Every line from the one with "Rosa Lea openwork" up to and including the one with "90 minutes later" is to be output exactly as it appears below; pictures are not.

(Record set Opens)

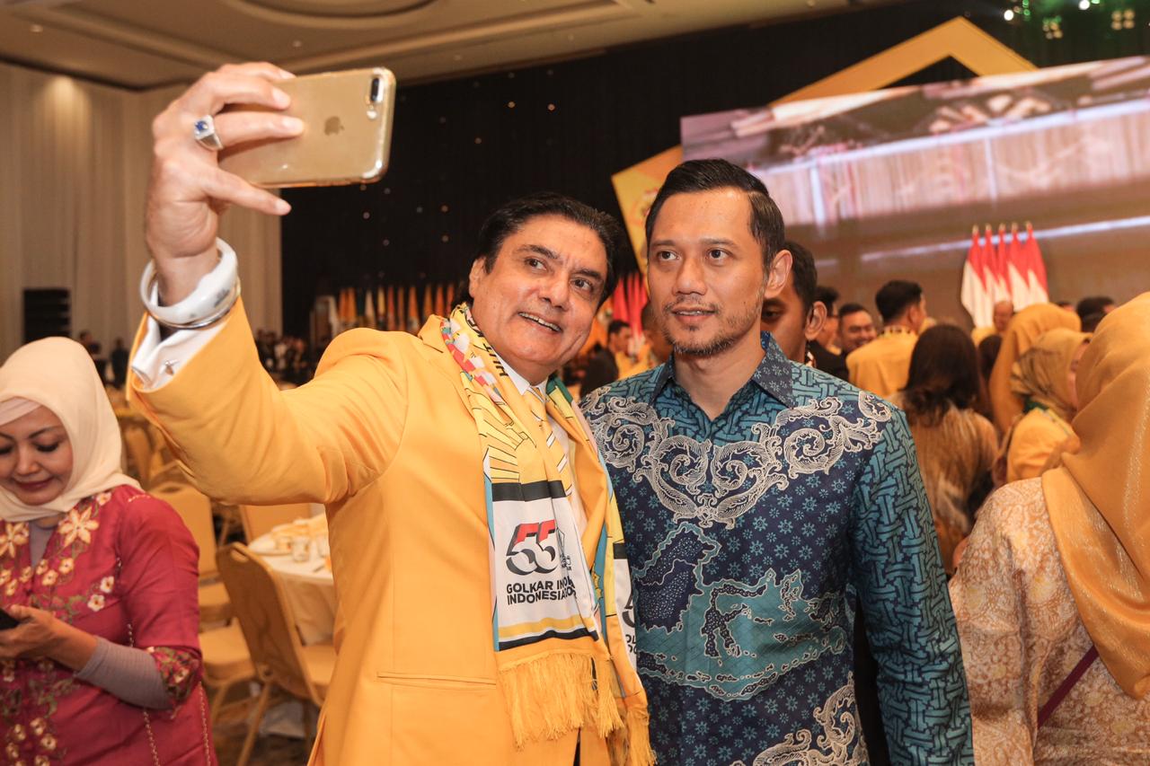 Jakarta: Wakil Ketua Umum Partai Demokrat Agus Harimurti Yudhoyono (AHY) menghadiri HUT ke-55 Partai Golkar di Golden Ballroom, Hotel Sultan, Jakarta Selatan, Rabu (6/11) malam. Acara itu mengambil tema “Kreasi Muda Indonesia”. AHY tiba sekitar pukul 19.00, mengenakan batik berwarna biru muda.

(Record set Closes)
(Record set Opens)

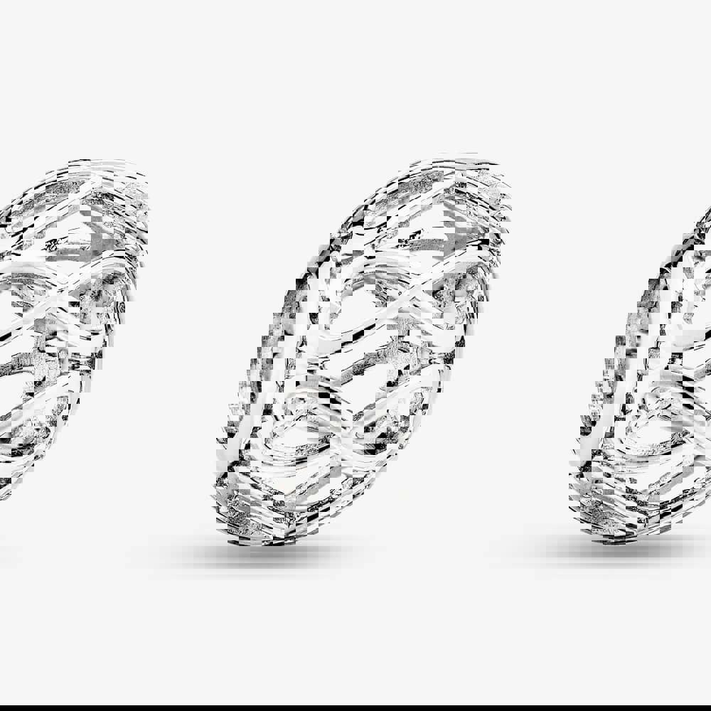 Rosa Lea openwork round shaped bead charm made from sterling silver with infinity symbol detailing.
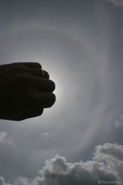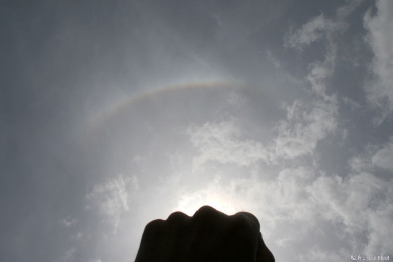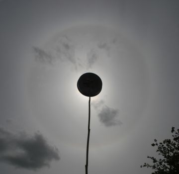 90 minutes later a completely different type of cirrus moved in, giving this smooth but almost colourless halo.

(Record set Closes)
(Record set Opens)

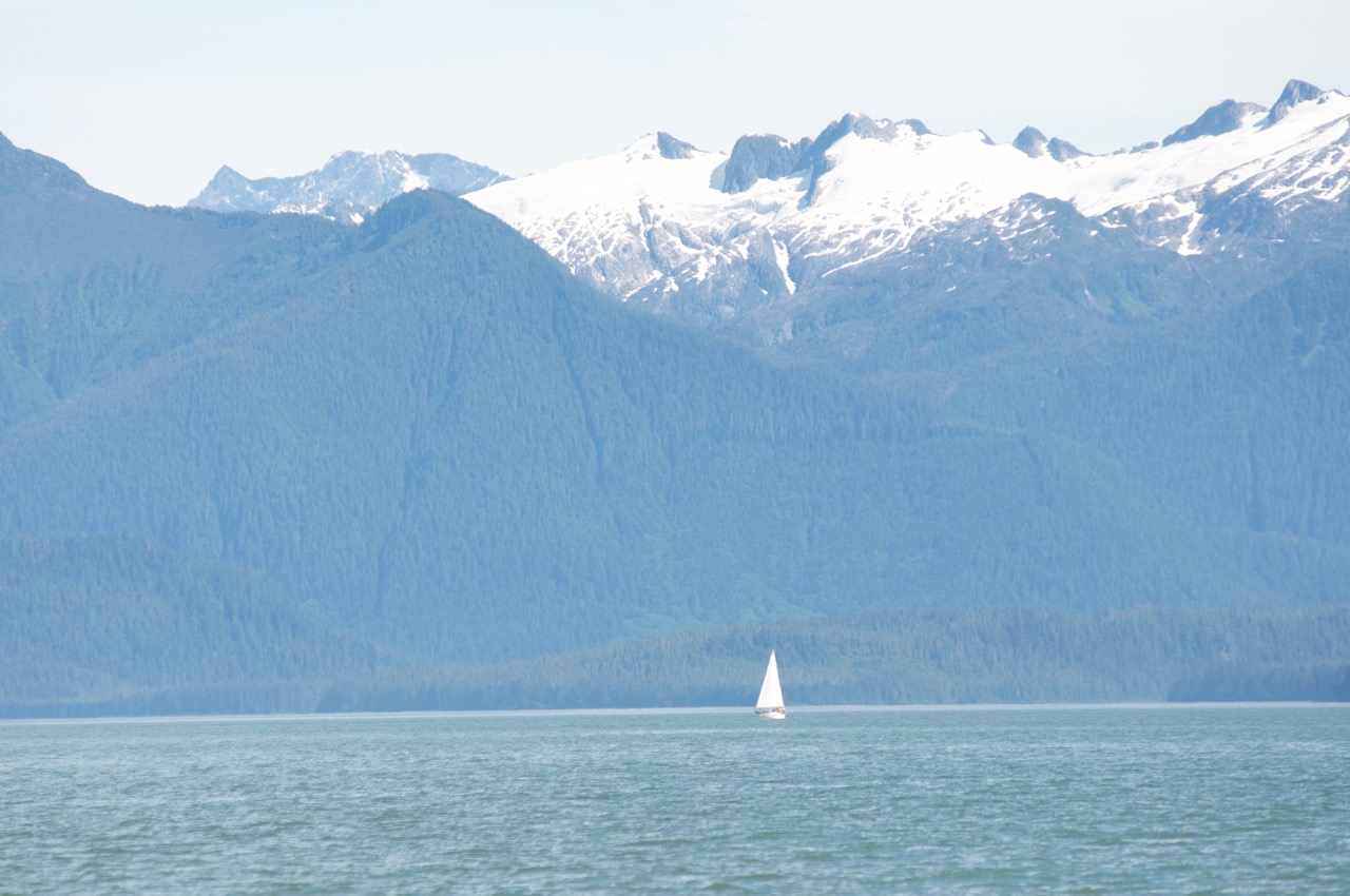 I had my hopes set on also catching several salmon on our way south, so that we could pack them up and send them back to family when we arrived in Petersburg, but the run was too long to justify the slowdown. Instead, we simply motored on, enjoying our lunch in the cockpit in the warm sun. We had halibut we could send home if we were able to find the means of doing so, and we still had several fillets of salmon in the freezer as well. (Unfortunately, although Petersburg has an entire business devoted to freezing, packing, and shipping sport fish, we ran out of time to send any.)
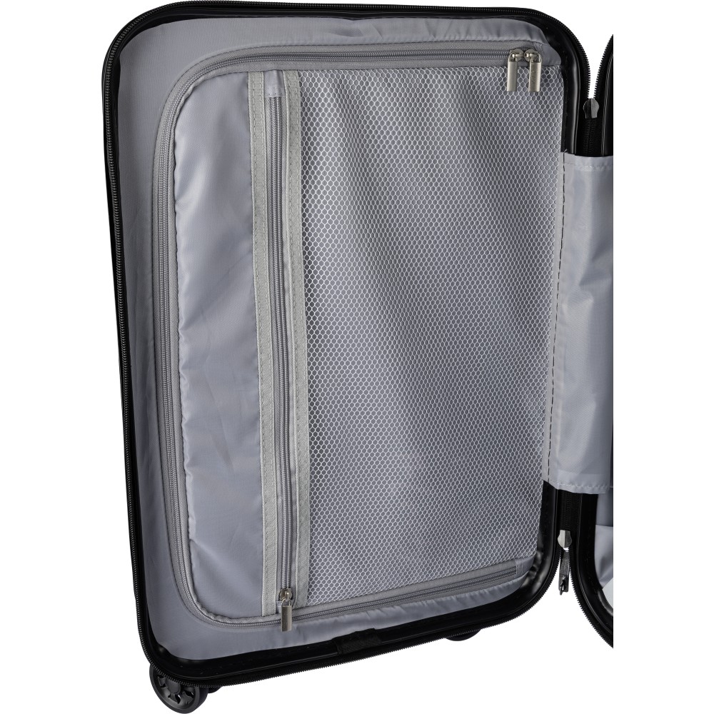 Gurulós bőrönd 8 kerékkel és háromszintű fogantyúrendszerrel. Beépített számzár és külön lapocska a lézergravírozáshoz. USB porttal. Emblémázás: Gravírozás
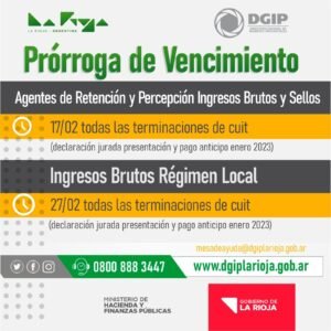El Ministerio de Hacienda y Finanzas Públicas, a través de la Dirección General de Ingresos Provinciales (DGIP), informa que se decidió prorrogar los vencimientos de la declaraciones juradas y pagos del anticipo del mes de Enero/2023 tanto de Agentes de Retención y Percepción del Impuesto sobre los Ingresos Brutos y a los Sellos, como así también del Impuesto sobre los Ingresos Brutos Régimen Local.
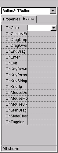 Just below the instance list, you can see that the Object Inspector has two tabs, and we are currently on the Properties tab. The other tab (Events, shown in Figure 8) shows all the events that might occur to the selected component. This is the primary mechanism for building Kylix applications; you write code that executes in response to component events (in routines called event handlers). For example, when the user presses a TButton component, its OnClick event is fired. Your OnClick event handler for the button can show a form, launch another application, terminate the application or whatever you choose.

(Record set Closes)

▸ **Worked solution**:
 Rosa Lea openwork round shaped bead charm made from sterling silver with infinity symbol detailing.
 90 minutes later a completely different type of cirrus moved in, giving this smooth but almost colourless halo.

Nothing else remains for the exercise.